Fiona Banner - All the World's Fighter Planes 2004
This is the second artist's book made by Fiona Banner and the first publication from the Vanity Press. Her first book, The Nam, was a sizable 2.338kg volume of 1,000 leaves of text describing shot by shot six Vietnam War buddy movies (AM207). All The World's Fighter Planes, 2004, is very different. The book is also without text, except for the residual and fractured words around the images cut-out from newspapers: on page 74 a Lynx helicopter seems to have a rotary blade made from newsprint. The book is also smaller and much less of a three-dimensional object than The Nam, which is almost an artist's multiple. And where The Nam was published by Banner herself, and in an edition half the size.

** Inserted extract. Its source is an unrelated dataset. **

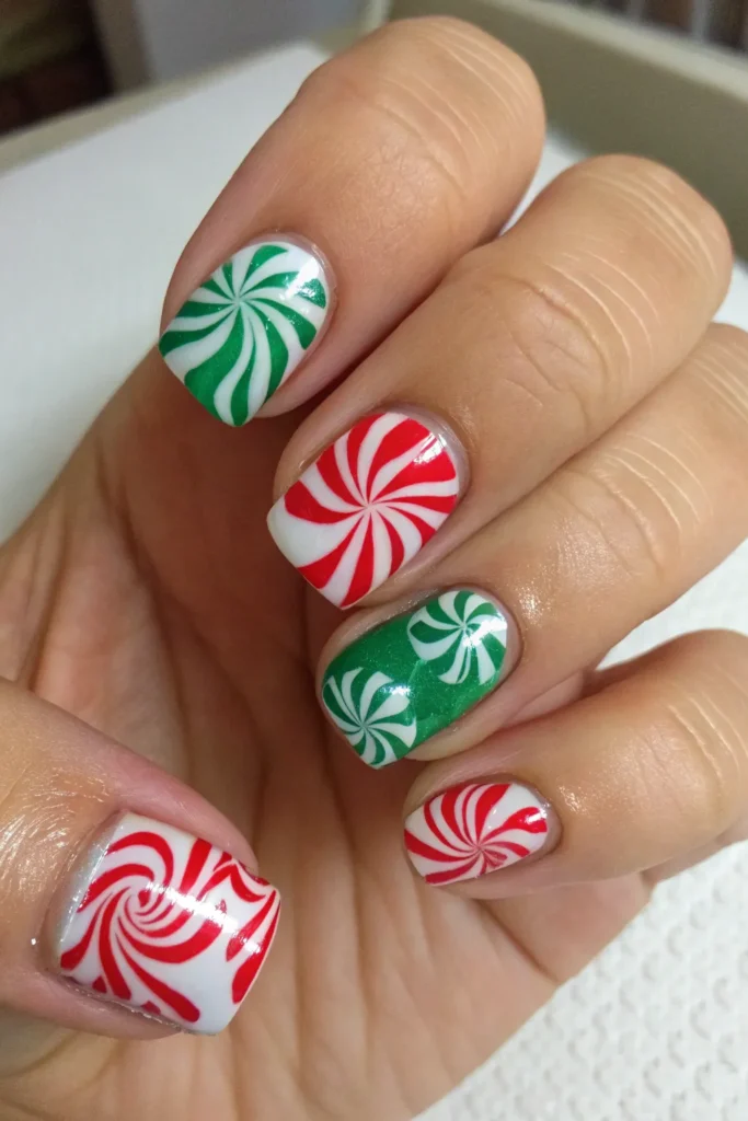 Pink and green aren’t the only sweet combo—these red and green swirls look like peppermint candies straight from Santa’s workshop.

There are 154 pages of both black and white and colour found newspaper cuttings representing every type of fighter aircraft (despite the title there are helicopters as well as planes - the launch publicity interestingly has the title All The World's Fighter Jets) currently in commission anywhere in the world. An index, black on red and red on white, forms the outer covers, as if the book, like the Centre Georges Pompidou, was disclosing its structure on the outside. All the World's Fighter Planes references the genre of Jane's Fighting Aircraft series or the other war-gaming or plane-spotting manuals. But instead of sitting, pristine, on the tarmac or prancing at air shows, these aircraft come from news reports of war and other conflicts. There is no average scale to the images, and these images often invade the gutter of the pages: one fills a double-spread, another is as tiny as a squashed aphid. They fly left to right and right to left, up and down the page, some receding, others approaching us full on. On some pages there are as many as five types of aircraft. It is not a manual in any traditional sense.